We all become GENERAL dentists first and then we can choose to practice as such or get additional training. Endo- root canals (2 year residency), Oral Surgery (4 or 6 year residency), Orthodontist- braces (3 year residency), Periodontics- gums specialist/implants (3 year residency), Pedodontist- children specialist (2 year residency), etc…
Physicians get VERY little training, a couple of lectures (depending on their medical school). They MAY be able to take a tooth out or pack giant cavities with some temporary material, but I personally never seem one do that. Go to the dentist for your dental needs.
Med insurance doesn’t cover many dental procedures. Dental insurance usually won’t cover hospital expenses, with the possible exception of some surgical procedures. The dentist can bill but the hospital can’t. There is no financial incentive for a hospital to offer routine dental care. I would think it would be very difficult for a dentist to get regular hospital privileges.
Dentists don’t want to take 24/7/365 call. That’s why they went to dental school.
Most ERs have the number of an night/weekend dentist that they’d be happy to give to you.

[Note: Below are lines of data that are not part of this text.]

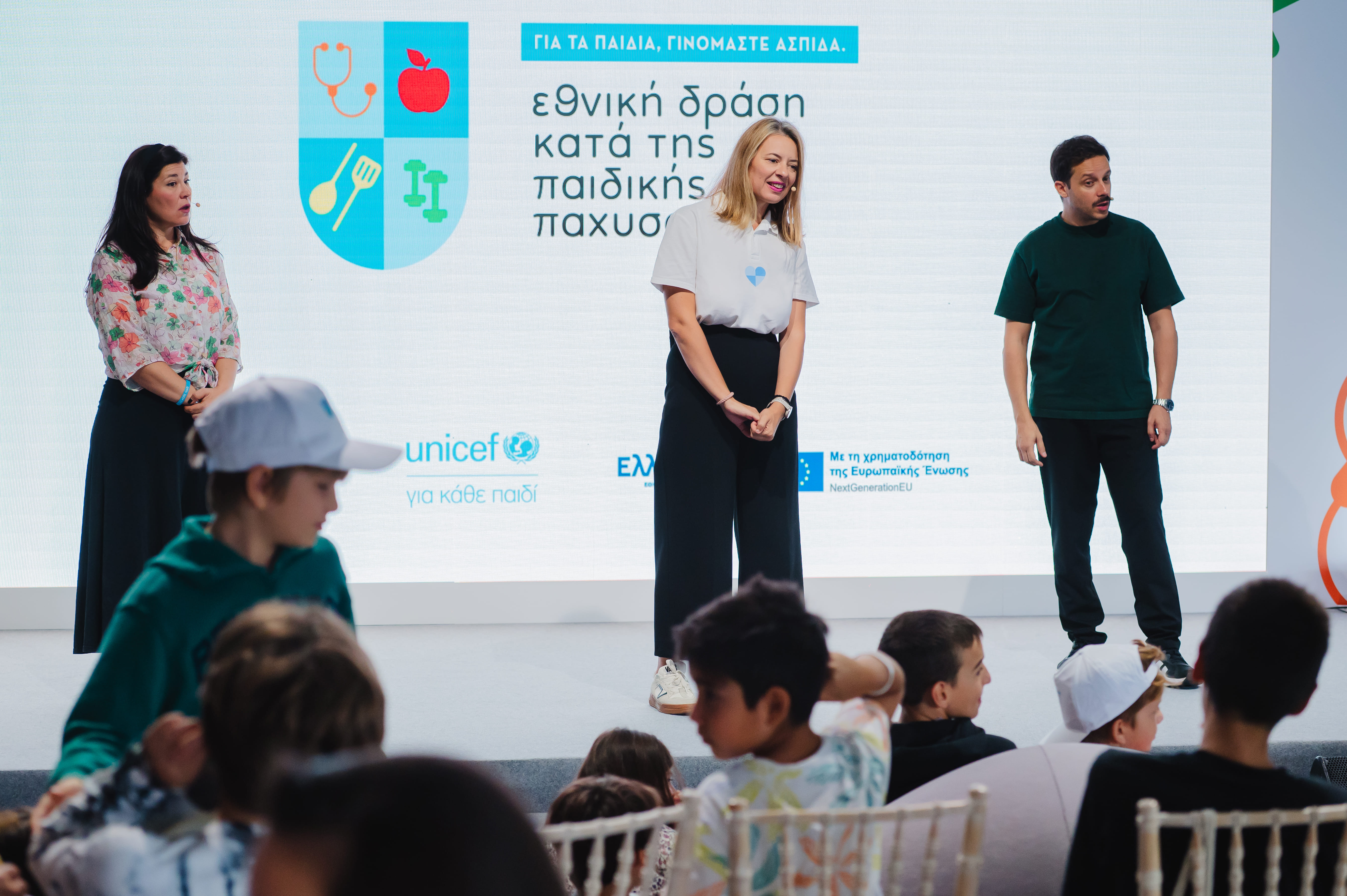 Τους μαθητές υποδέχτηκαν ο Δημήτρης Μακαλιάς και η Ελευθερία Μπενοβία, παρουσιάζοντας την Εθνική Δράση κατά της Παιδικής Παχυσαρκίας, ενώ ο σεφ Γιώργος Τσούλης ετοίμασε μαζί με τα παιδιά γευστικές και υγιεινές συνταγές. Παράλληλα, η διαιτολόγος- διατροφολόγος Φανή Πρεβέντη μοιράστηκε έξυπνες συμβουλές για μια πιο ισορροπημένη διατροφή.
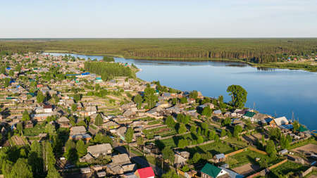 Top view of the village of Shiryaevo, Samara region in summer, Russia
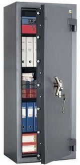 запатентованная многослойная защита стенки и двери сейфа (сэндвич с композиционными материалами); 3-х сторонняя усиленная ригельная система запирания; защита ригельного механизма каленым стеклом; защита замков и ригелей от высверливания и выбивания; система блокировки ригельного механизма при выбивании замка; отверстие в задней стенке для установки сигнализации; толщина защитного слоя двери – 50 мм, общая толщина двери - 100 мм; толщина боковых стенок - 55 мм; два ключевых замка KABA MAUER (класс В, ГОСТ), (в комплекте 3 ключа);наличие анкерного крепления к полу, анкерный болт в комплекте;
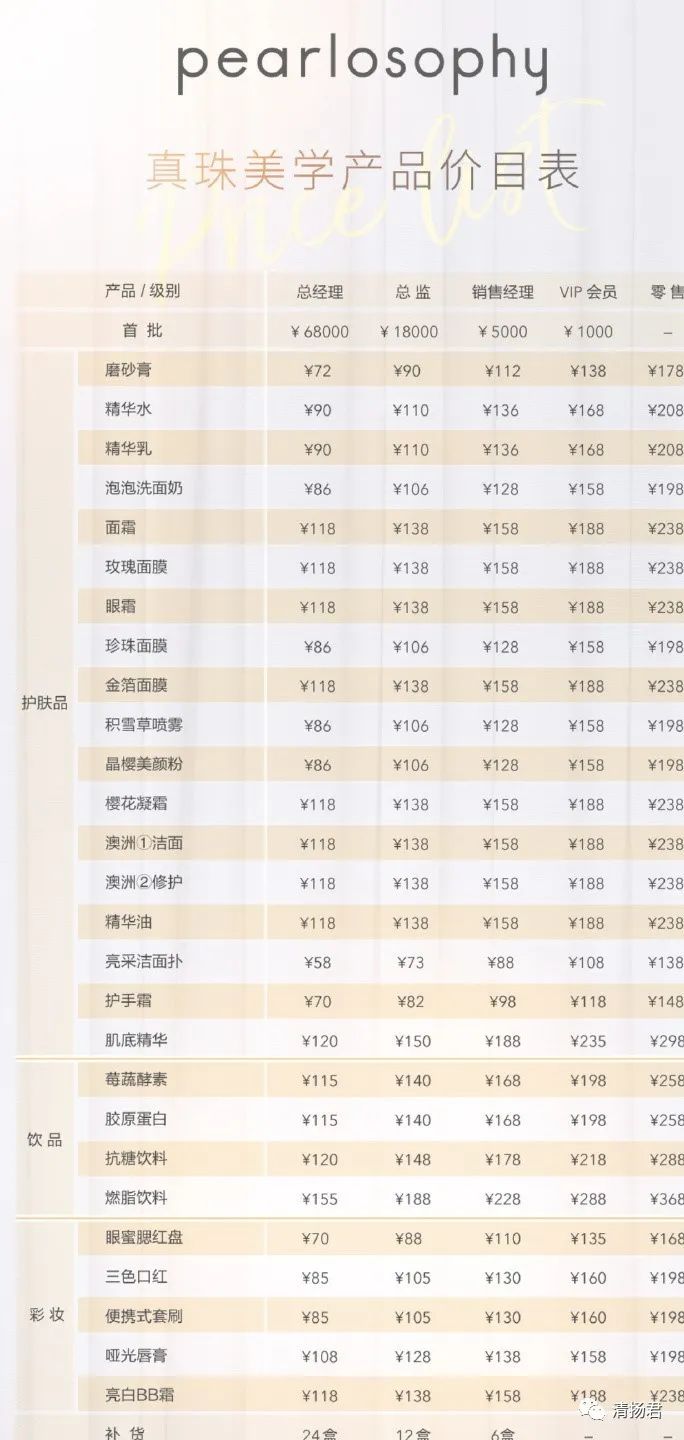 据了解,真珠美学微商从低到高有五层代理,分别是VIP会员(1000元)、销售经理(5000元)、总监(18000元)、总经理(即总代68000)、最高级别的董事(388000元)。
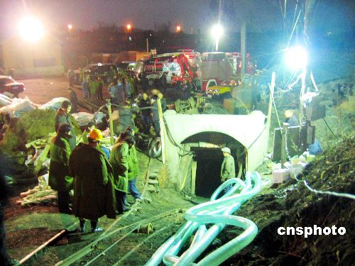 目前,事故現(xiàn)場成立了吉林省、吉林市、蛟河市三級搶險(xiǎn)指揮部,搶救工作正分兩方面同時進(jìn)行,一是堵塞吉安煤礦透水點(diǎn),同時組織騰達(dá)煤礦緊急抽水,營救被困礦工。

Most dentists now have connections with an ‘emergency dental service’ in the area, which is available 24/7 to treat dental emergencies. My dentist mentions this service, and the number to contact, in the recorded phone message if you call after office hours.
This ‘dental emergency service’ can range from an actual dental office that is open & staffed around the clock, to an informal arrangement between local dentists where they take turns being ‘on call’ and they agree to get up and drive to their office to meet an emergency patient in the middle of the night.
ER’s will treat the medical part of a dental emergency; beyond that they either have a pre-arranged dentist on call for such emergencies, or just refer the patient to the same local dental emergency service. (Note that something like a tooth knocked out is NOT a dental emergency – the tooth’s gone, now they deal with replacing it with dentures, an implanted fake tooth, etc. – and these are not ‘emergencies’.)